Assinamos a súmula e continuamos a aquecer até que o organizador da corrida chamou a minha categoria para alinhar pelo microfone. Houve uma espécie de chamada, como aquelas que tinha na escola, nosso pelotão tinha 62 ciclistas, imaginem o organizador da prova chamando nome por nome, pois é, achei interessante. Nossos amigos e companheiras estavam perto da gente, deram aquela última força. A buzina tocou, a corrida começou e eu não consegui encaixar a sapatilha no pedal de encaixe por puro nervosismo.

Fazendo força no pelotão
Fazendo força no pelotão

Conseguimos passar sem grandes problemas pelas primeiras subidas da corrida. Estava ventando muito e o ritmo variou bastante no início. Com o tempo fomos nos tranquilizando e meus amigos e eu conversamos em algumas oportunidades e a palavra de ordem foi tentar se poupar para ir para chegada.

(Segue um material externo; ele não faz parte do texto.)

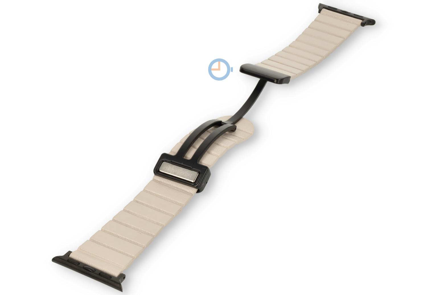 Leren horlogeband met magneetsluiting voor jouw Apple Watch 41mm - kleur: Offwhite. Bestel dit leren Apple Watch horlogebandje vandaag nog. Perfect voor al je dagelijkse bezigheden, zakelijke vergaderingen of feestelijke gelegenheden. Het horlogebandje is dun, soepel en makkelijk te dragen. Het hoogwaardige leer geeft een verfijnde uitstraling aan je Apple Watch, waardoor het een ideale metgezel is voor elke gelegenheid.
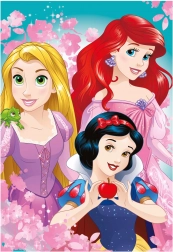 Blanche-Neige, Ariel et Raiponce sur une même image colorée motivent les enfants à assembler et stimulent leur imagination.
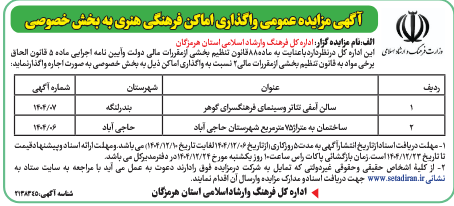 آگهی مزایده عمومی واگذاری اماکن فرهنگی هنری به بخش خصوصی
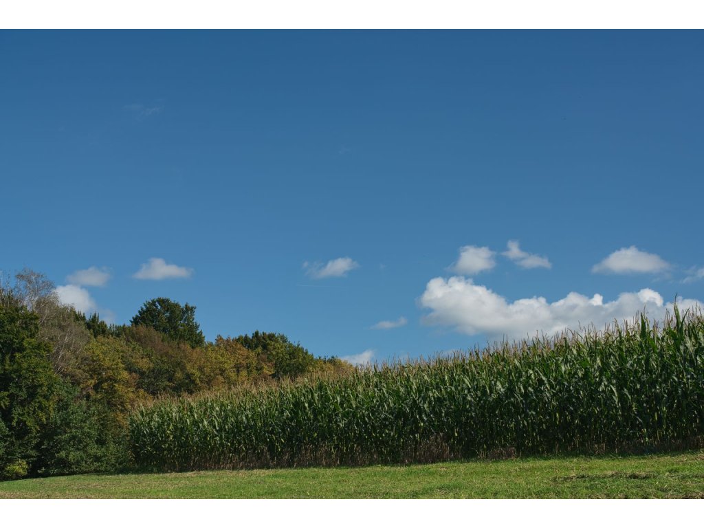 Tento fotoobraz zachycuje kukuřičné pole v podzimním období, za kterým se zvedají zelené koruny stromů. Modrá obloha s několika oblaky dodává celé scéně pocit volného prostoru a klidu.
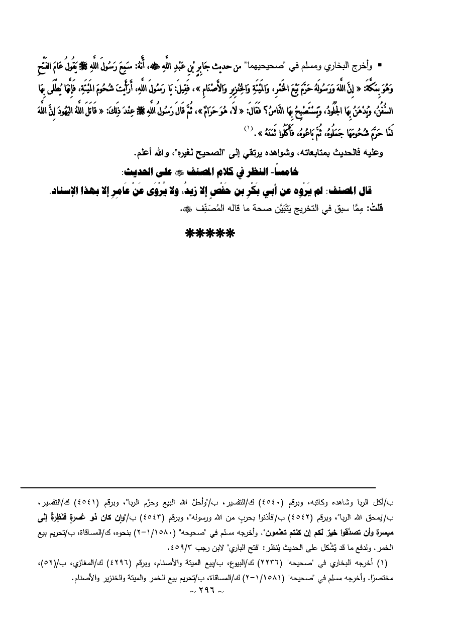 • وأخرج البخاري ومسلم في "صحيحيهما" من حديث جَابِرٍ بْنِ عَبْدِ اللَّهِ - رضي الله عنه -، أَنَّهُ: سَمِعَ رَسُولَ اللَّهِ - صلى الله عليه وسلم - يَقُولُ عَامَ الفَتْحِ وَهُوَ بِمَكَّةَ: «إِنَّ اللَّهَ وَرَسُولَهُ حَرَّمَ بَيْعَ الخَمْرِ، وَالمَيْتَةِ وَالخِنْزِيرِ وَالأَصْنَامِ»، فَقِيلَ: يَا رَسُولَ اللَّهِ، أَرَأَيْتَ شُحُومَ المَيْتَةِ، فَإِنَّهَا يُطْلَى بِهَا السُّفُنُ، وَيُدْهَنُ بِهَا الجُلُودُ، وَيَسْتَصْبِحُ بِهَا النَّاسُ؟ فَقَالَ: «لَا، هُوَ حَرَامٌ»، ثُمَّ قَالَ رَسُولُ اللَّهِ - صلى الله عليه وسلم - عِنْدَ ذَلِكَ: «قَاتَلَ اللَّهُ اليَهُودَ إِنَّ اللَّهَ لَمَّا حَرَّمَ شُحُومَهَا جَمَلُوهُ، ثُمَّ بَاعُوهُ، فَأَكَلُوا ثَمَنَهُ». (¬١)

Eu lembro que nos momentos difíceis ficava pensando comigo mesmo “só mais 10 segundos! só mais 10 segundos!”. Os quilômetros foram passando, e antes de abrir a última volta perdemos um soldado. Na tentativa de abrir uma fuga, Alexandre fez muita força e não aguentou o ritmo da pelotão que veio com tudo para buscá-los.

Ricardo e eu entramos na última volta e passamos as duas últimas subidas da corrida sem grandes problemas. Nos cumprimentamos e, a partir daquele momento, sabíamos que não sobraríamos mais, vamos para chegada!

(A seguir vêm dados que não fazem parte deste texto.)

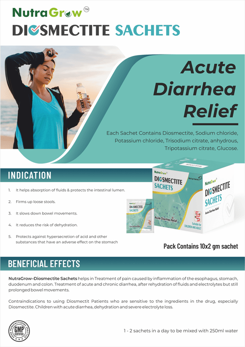 Treatment of pain caused by inflammation of the esophagus, stomach, duodenum and colon. Treatment of acute and chronic diarrhea, after rehydration of fluids and electrolytes but still prolonged bowel movements. Contraindications to using Diosmectit:
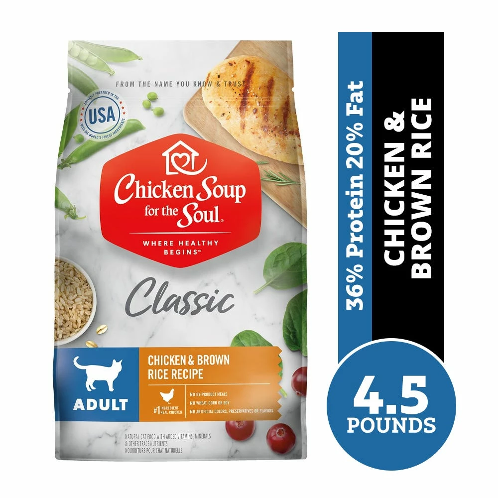 Give the newest member of your family the nutrition she needs with Chicken Soup for the Soul Kitten Dry Cat Food. This diet contains DHA for brain development and the antioxidant taurine for healthy eyesight and hearing in your young one. Omega 3 and 6 fatty acids promote healthy skin and coat while superfoods like spinach and cranberries help build immune health. This food also includes real chicken as the first ingredient and is blended with turkey, duck and salmon making for a taste your kitty will love. With no by-product meals, wheat, corn or soy, Chicken Soup for the Soul Kitten Dry Cat Food is a healthy and safe option for your paw-tner.
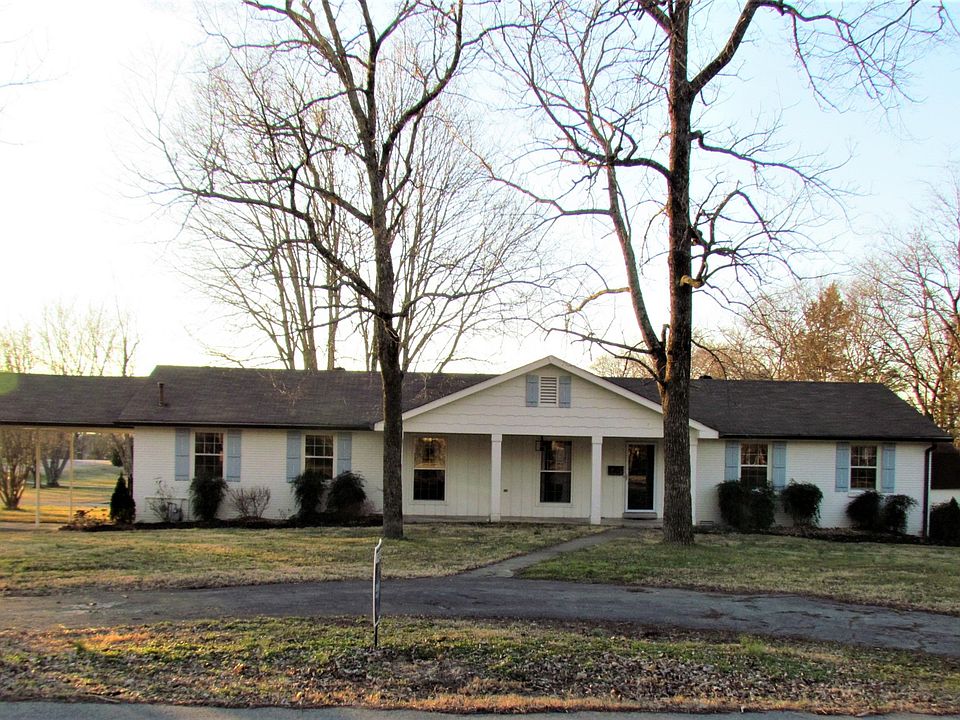 Fabulous 3 BR 2 bath home sitting on a corner lot in a quiet neighborhood on the west side of town. Open living room with a fireplace. Kitchen with island and plenty of cabinets. Separate dining room. Bonus room has huge screen great for entertaining. Fresh paint. Two driveways, one leading to covered carport and the second a circular drive. Back yard is fenced with a patio and access to the covered patio. Mature trees and storage building. Close to grocery, shopping, schools and hospital.

A última perna da prova, que dava 18 km aproximadamente, passou muito rápido, voamos no asfalto entre os eucaliptos. Passamos pelo último top e decidi pegar a direita para ter um melhor ângulo de ataque para chegada. A maior parte do pelotão foi para esquerda, muita gente ficou encaixotada e por isso um ciclista, um dos favoritos, fez uma diagonal perigosa, fazendo com que outro ciclista batesse no meu braço, nessa hora estávamos a cerca de 300 metros da chegada, a aproximadamente 50km/h, gelei!

Tentei controlar a bike para não cair e nem derrubar o Ricardo que estava logo atrás de mim. Em uma questão de segundos eu ouvi o grito dele “vai pelo meio!” quando olhei para frente tinha uma avenida, direcionei a bike e comecei meu sprint. Gritaria generalizada, muitos atletas, um caos!

Vejam a velocidade do pelotão no vídeo abaixo:

Cruzei a linha de chegada, estava morto! Passei alguns metros e desci da bike, ainda estava ofegante, quando a Thaisa chegou. Só lembro dela me parabenizando e me oferecendo água. Não tinha a menor ideia de qual colocação eu tinha chegado. Mas estava muito feliz por ter completado e, principalmente, por ter chegado inteiro. Chegadas sempre são tensas, valendo o título brasileiro então, resumindo, as pessoas arriscam bem mais.

Ricardo e Eu depois da chegada.
Ricardo e Eu depois da chegada.

Missão cumprida

Depois da corrida fui almoçar com um amigo do meu pai, que veio de Vitória só para acompanhar minha corrida, muito obrigado pelo apoio e pela moqueca de peixe com molho de camarão, Barbosa!

Tentei dormir a tarde, mas fiquei com um pouco de dor de cabeça, acabei ficando deitado mas acordado, vendo besteira na televisão. Aos poucos, momentos da corrida, foram vindo na minha mente, me senti feliz. Todo o esforço tinha valido a pena, agora era hora de volta pra realidade.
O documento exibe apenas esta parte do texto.